Our analysis of the dietary costs of accordance to DASH food groups is consistent with previous studies, which have found that diets higher in fruit and vegetables and lower in sugar were more costly (3740). We also found that improving accordance to the nuts and legumes food group was associated with only a modest increase in dietary costs, which is consistent with an earlier US study that suggested that increasing intake of this food group could be an economical way to improve overall diet quality (39). The consistent finding that healthier diets tend to carry a price premium highlights the need to identify components of healthy diets that can be obtained at low cost and to look for ways in which the affordability of healthy diets can be increased, particularly for those on lower incomes.

Our results indicated that accordance with some DASH targets could be improved with no or minimal additional cost to consumers.
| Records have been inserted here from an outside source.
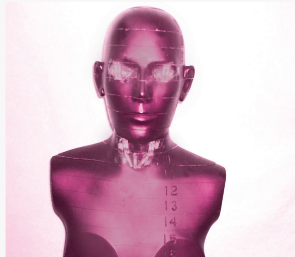
شکل ۲: فانتوم راندو دزیمترها روی ناحیه تیروئید و چشم‌ها قرار گرفته‌اند.

برای تعیین پرتوگیری پوست ضمن اسکن سر، چند دزیمتر در محل پیشانی، گونه‌ها و پشت سر روی ناحیه استخوان پس سری قرار داده شد. برای تعیین پرتوگیری پوست ضمن اسکن از ناحیه شکم و لگن، ۱۲ قطعه چیپس روی محور Z از برش شماره ۱۹ (روی زائده زایفوئید استخوان جناغ سینه) تا برش شماره ۲۹ به ترتیب در امتداد یکدیگر و وسط هر برش قرار داده شد. همچنین وسط برش شماره ۲۵ نیز تعداد ۴ عدد چیپس قرار داده شد تا پرتوگیری پوست در نواحی مختلف ضمن اسکن شکم و لگن تعیین گردد (شکل ۲).
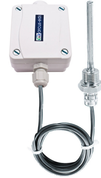
SK01-T-ESTF mit Einschraubfühler / Tauchhülse Fühlerlänge: 50 / 100 mm 1,5m ( PVC / Silikon )
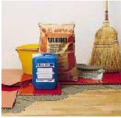
Укладка плитки на старый паркет
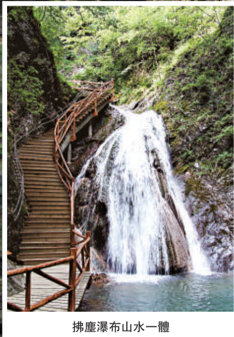
拂塵瀑布山水一體

金絲峽的獨美之處就在於山水交相呼應，令人嘆為觀止，無愧於「峽谷奇觀、生態王國」之美譽。
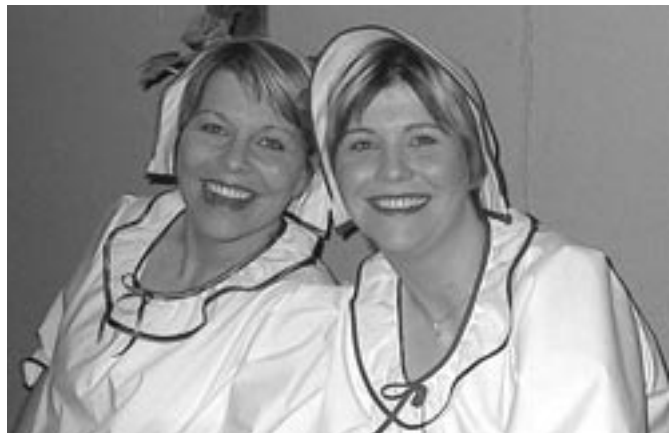
Úr sýningu Leikfélags Húsavíkur á Jörundi.

Í maí 2001 var haldinn fyrsti fundur vegna „Mærudaga“ 2001 en það er úti- og bryggjuhátið sem er orðin nokkuð árviss á Húsavík eina langa helgi í júlí. Leikfélagið sá algerlega um framkvæmdina þetta árið.

For instance, increasing intake of whole grains and lowering intake of sodium appeared to be cost-neutral, and lowering intake of red and processed meat could produce substantial cost savings. Aligning these findings with the food group–level analysis of GHG impact can reveal where dietary improvements can be achieved both cost-neutrally and with benefit to the environment. Here, we found that improving accordance to 4 of the 8 DASH food groups—by reducing intake of red and processed meats and dietary sodium and increasing intake of whole grains, nuts, and legumes—achieved both ends.

Although modeling studies have demonstrated the feasibility of diets that meet cost, nutrition, and environmental criteria in the United Kingdom (25), a recent observational study identified existing diet patterns that met these criteria in the French population (41). Those diets achieved lower GHGs and cost in part by having lower total energy intake, because energy intake is strongly and positively associated with dietary GHGs [see Vieux et al. (30) and Figure 1]. Furthermore, they also emphasized starchy plant-based foods and were lower in energy density, characteristics similar to DASH (42, 43). Notably, diets meeting these criteria were 17–19% lower in GHGs relative to the average French diet (41), a difference similar to the one we report between the top and bottom quintiles of DASH accordance. Altogether, this body of literature indicates that shifting population diets to lower their GHG impact may be achieved by both reducing excess energy intake and changing diet composition to strike a balance between health, environmental impact, and consumer costs.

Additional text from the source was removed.